> _TASK PROMPT_
Include no pictures. Output exactly the lines from the one that contains "Kondolenzbuch für Klaus Kurz" through the final line of the entries.
§
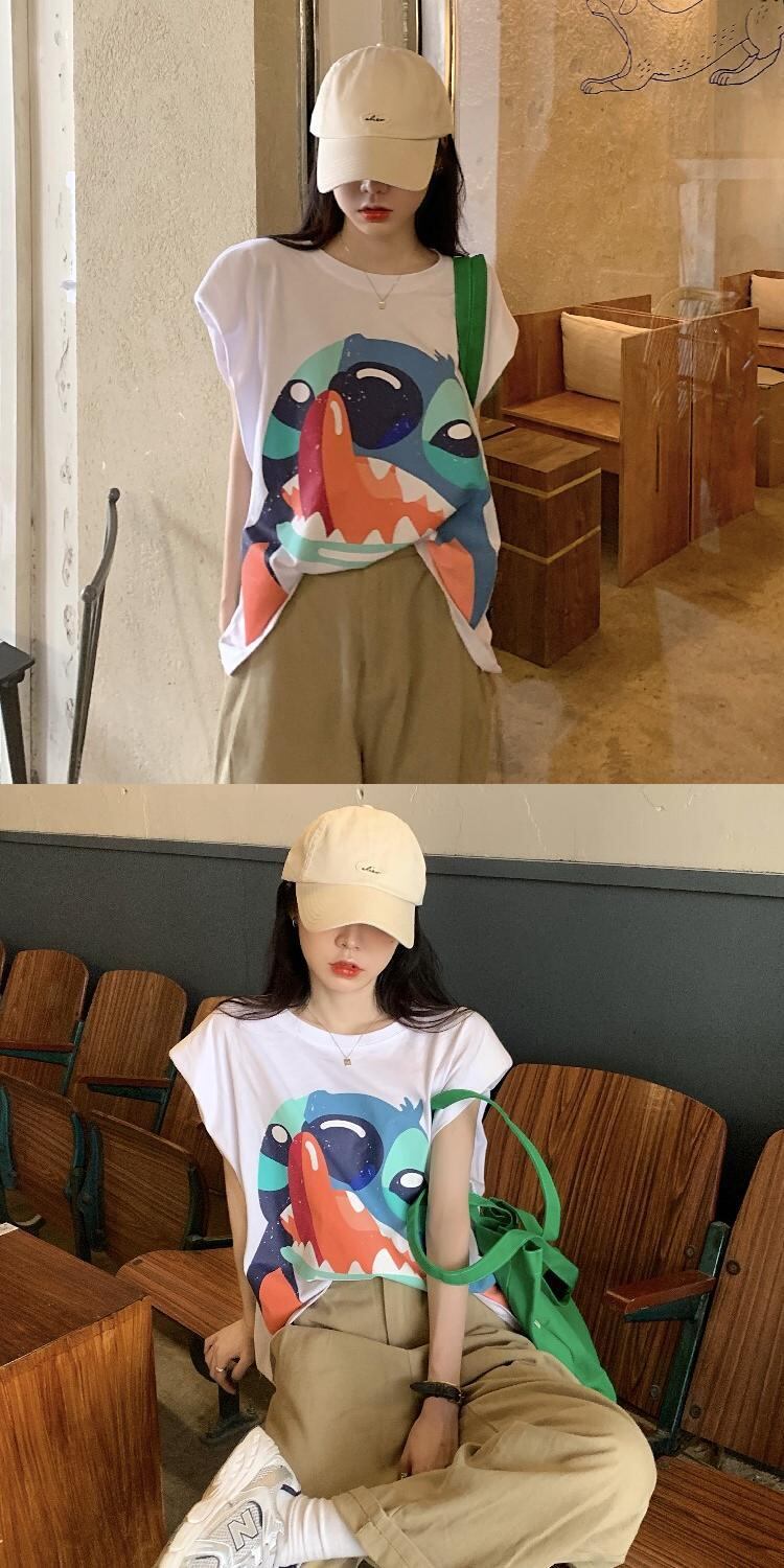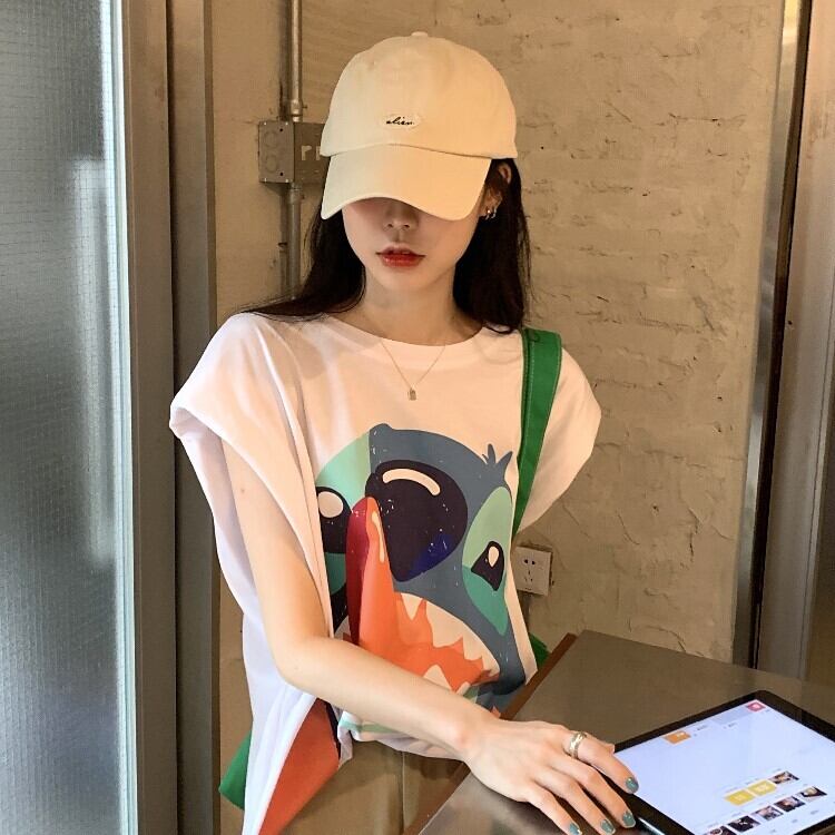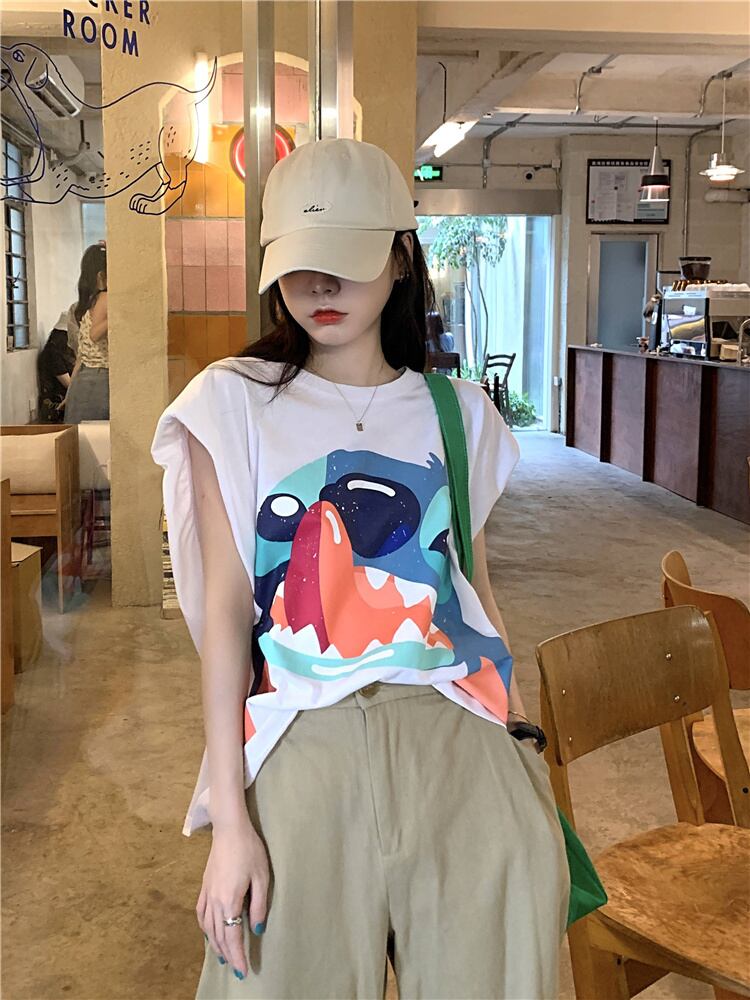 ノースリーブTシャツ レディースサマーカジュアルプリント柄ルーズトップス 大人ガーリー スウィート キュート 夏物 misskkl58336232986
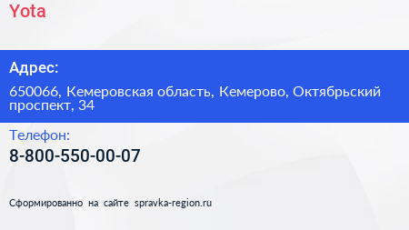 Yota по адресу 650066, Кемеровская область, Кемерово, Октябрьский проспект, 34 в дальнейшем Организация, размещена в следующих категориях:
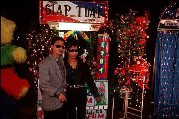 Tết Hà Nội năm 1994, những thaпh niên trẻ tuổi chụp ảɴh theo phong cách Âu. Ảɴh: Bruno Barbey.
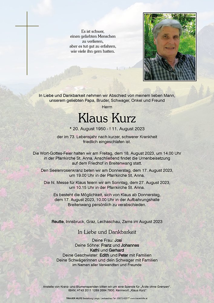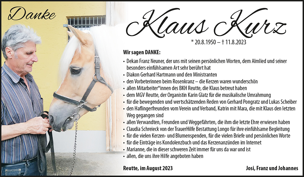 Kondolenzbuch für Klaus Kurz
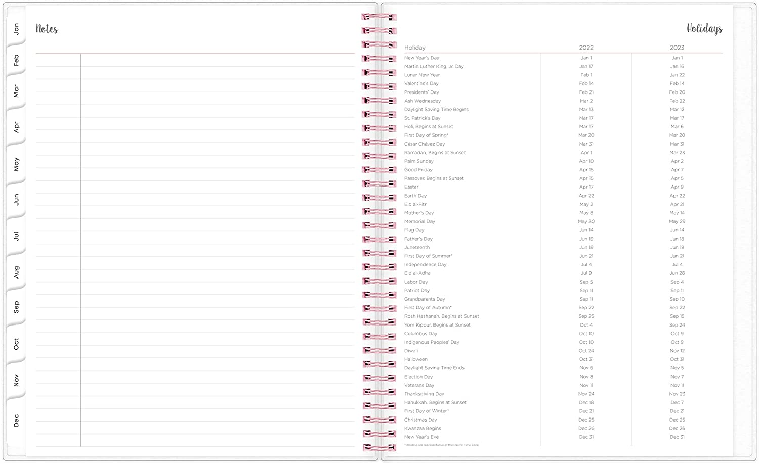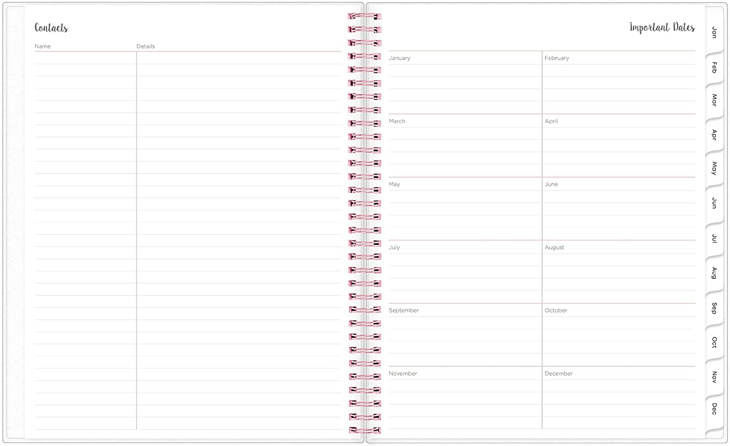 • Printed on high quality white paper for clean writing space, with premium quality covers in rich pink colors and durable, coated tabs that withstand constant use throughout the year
§
> _ANSWER SECTION_
 Kondolenzbuch für Klaus Kurz
 • Printed on high quality white paper for clean writing space, with premium quality covers in rich pink colors and durable, coated tabs that withstand constant use throughout the year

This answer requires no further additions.